Schluss mit dem Flüssigkeitsstress am Flughafen Heathrow

Am Flughafen London-Heathrow ist die Sicherheitskontrolle deutlich einfacher geworden. Dank neuer CT-Scanner können Passagiere ihr Handgepäck ab sofort ohne Auspacken von Elektronik und Flüssigkeiten kontrollieren lassen.

Am Flughafen London-Heathrow beginnt eine neue Ära der Sicherheitskontrollen. In allen vier Terminals sind neu flächendeckend moderne CT-Sicherheitsscanner im Einsatz. Passagiere müssen damit weder Flüssigkeiten noch elektronische Geräte aus dem Handgepäck nehmen – auch das umständliche Hantieren mit Plastikbeuteln entfällt, wie der Flughafen mitteilt.

Heathrow ist damit nach eigenen Angaben der weltweit grösste Flughafen, der diese Technologie vollständig ausgerollt hat. Die neue Generation von Scannern liefert hochauflösende 3D-Bilder des Handgepäcks und ermöglicht eine schnellere sowie präzisere Kontrolle. Dadurch verkürzt sich die Vorbereitungszeit an der Sicherheitskontrolle spürbar.

Die Umrüstung ist Teil eines umfassenden Investitionsprogramms. Rund eine Milliarde Pfund (1,06 Milliarden Franken) hat Heathrow in die neue Sicherheitstechnik investiert. Ein positiver Nebeneffekt: Künftig werden schätzungsweise bis zu 16 Millionen Plastikbeutel pro Jahr eingespart, die bisher für Flüssigkeiten benötigt wurden.

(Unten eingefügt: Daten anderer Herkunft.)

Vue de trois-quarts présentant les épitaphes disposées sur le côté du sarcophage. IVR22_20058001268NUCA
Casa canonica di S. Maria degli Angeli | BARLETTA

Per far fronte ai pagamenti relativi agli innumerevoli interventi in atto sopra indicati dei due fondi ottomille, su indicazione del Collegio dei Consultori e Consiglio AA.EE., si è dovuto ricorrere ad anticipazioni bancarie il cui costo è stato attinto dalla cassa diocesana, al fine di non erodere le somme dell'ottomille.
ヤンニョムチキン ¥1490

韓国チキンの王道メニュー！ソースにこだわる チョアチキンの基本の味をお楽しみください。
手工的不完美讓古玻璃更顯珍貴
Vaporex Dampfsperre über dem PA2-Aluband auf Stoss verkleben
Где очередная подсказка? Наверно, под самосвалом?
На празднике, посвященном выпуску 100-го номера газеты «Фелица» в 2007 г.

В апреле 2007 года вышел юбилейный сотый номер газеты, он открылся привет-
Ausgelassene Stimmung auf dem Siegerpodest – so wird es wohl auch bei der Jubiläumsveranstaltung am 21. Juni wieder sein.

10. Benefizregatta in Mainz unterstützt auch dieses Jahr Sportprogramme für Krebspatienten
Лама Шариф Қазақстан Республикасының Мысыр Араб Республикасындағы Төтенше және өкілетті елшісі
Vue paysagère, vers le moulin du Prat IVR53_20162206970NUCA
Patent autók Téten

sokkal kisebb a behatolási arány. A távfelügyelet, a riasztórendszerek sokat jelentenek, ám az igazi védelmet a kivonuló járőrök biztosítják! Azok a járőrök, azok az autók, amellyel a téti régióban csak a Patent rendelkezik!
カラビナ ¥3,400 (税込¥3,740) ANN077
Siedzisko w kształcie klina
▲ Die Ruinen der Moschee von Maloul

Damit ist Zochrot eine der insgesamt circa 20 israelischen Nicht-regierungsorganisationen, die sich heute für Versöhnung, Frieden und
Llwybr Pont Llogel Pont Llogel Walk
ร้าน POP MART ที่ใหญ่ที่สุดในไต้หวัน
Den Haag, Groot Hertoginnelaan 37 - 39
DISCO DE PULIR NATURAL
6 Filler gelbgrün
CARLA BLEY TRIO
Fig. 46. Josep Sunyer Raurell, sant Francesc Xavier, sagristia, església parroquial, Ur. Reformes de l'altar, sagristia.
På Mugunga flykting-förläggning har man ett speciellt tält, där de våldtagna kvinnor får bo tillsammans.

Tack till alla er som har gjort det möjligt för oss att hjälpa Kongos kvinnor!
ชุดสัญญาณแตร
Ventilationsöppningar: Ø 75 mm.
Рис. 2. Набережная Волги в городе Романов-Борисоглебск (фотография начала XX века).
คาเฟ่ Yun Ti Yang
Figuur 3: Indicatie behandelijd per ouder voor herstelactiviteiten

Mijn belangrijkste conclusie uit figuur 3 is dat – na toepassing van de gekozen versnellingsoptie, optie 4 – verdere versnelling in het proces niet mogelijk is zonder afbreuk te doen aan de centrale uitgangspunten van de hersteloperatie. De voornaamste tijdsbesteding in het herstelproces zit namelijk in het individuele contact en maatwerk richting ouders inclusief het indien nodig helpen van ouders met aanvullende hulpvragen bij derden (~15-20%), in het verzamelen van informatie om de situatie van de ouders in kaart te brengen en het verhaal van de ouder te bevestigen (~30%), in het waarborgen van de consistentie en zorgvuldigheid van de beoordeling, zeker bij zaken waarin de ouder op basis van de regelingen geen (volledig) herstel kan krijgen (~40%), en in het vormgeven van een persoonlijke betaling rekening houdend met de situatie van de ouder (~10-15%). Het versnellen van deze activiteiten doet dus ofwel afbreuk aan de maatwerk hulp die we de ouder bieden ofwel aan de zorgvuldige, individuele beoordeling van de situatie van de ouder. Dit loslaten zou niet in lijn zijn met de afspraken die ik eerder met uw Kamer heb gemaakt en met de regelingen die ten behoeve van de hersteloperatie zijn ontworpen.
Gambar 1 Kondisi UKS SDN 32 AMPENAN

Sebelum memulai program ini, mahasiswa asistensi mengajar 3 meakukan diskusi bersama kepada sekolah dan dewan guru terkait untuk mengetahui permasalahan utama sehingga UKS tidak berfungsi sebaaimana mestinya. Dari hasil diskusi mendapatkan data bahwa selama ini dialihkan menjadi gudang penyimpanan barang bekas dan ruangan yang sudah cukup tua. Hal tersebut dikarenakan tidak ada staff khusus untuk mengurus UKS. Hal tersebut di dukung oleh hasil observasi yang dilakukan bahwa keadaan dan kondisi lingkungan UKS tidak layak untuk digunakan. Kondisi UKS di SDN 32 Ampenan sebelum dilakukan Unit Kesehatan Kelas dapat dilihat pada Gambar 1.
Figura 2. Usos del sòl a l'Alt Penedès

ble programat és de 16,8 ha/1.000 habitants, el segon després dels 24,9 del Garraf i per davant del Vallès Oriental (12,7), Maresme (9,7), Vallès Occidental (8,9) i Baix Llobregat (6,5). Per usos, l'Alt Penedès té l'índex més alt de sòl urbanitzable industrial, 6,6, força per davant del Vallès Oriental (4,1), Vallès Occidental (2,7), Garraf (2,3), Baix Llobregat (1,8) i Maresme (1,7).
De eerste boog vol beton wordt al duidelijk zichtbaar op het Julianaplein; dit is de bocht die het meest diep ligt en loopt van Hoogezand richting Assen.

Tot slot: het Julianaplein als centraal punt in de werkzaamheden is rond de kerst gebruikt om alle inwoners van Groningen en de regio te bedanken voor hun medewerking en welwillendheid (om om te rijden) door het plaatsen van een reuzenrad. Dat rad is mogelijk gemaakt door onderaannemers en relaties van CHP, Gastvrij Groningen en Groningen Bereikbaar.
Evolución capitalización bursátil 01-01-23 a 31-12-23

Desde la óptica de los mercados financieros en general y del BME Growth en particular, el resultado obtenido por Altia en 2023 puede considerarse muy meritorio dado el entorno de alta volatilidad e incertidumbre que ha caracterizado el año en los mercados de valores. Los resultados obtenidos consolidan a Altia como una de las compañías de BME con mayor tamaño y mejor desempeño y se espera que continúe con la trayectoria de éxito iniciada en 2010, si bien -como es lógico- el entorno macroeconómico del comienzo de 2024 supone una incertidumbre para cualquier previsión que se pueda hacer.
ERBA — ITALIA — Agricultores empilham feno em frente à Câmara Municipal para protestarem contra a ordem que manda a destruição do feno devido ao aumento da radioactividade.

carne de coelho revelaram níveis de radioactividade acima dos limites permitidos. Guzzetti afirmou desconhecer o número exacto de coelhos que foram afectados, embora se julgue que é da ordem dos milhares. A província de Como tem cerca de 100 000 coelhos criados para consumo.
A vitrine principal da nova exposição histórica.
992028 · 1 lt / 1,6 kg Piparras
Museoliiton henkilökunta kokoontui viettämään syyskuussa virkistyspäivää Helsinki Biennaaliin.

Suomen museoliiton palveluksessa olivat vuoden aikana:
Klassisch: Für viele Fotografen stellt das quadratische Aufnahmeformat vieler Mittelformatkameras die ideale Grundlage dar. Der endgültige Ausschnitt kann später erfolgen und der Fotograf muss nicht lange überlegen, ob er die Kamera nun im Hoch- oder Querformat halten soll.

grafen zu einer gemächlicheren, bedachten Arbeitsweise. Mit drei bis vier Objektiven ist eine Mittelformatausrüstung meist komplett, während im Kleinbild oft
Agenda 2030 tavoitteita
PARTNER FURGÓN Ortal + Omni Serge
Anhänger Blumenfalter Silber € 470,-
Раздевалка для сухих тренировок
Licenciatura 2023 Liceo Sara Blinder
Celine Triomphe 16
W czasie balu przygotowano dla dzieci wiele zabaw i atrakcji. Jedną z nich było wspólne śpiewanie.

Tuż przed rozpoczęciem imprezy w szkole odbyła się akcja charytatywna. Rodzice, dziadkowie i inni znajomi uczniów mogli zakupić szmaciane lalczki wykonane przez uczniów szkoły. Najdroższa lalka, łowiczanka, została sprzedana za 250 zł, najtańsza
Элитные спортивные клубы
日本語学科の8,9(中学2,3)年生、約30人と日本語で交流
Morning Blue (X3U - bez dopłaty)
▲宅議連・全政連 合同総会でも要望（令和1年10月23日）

Der Flughafen sieht die Massnahme als wichtigen Baustein für ein reibungsloseres Reise-Erlebnis. Bereits 2025 galt Heathrow gemäss eigenen Angaben als Europas pünktlichstes Drehkreuz, mit kurzen Wartezeiten an der Sicherheitskontrolle und verbesserter Gepäckabfertigung. Mit den neuen Scannern will der Flughafen diese Standards sichern.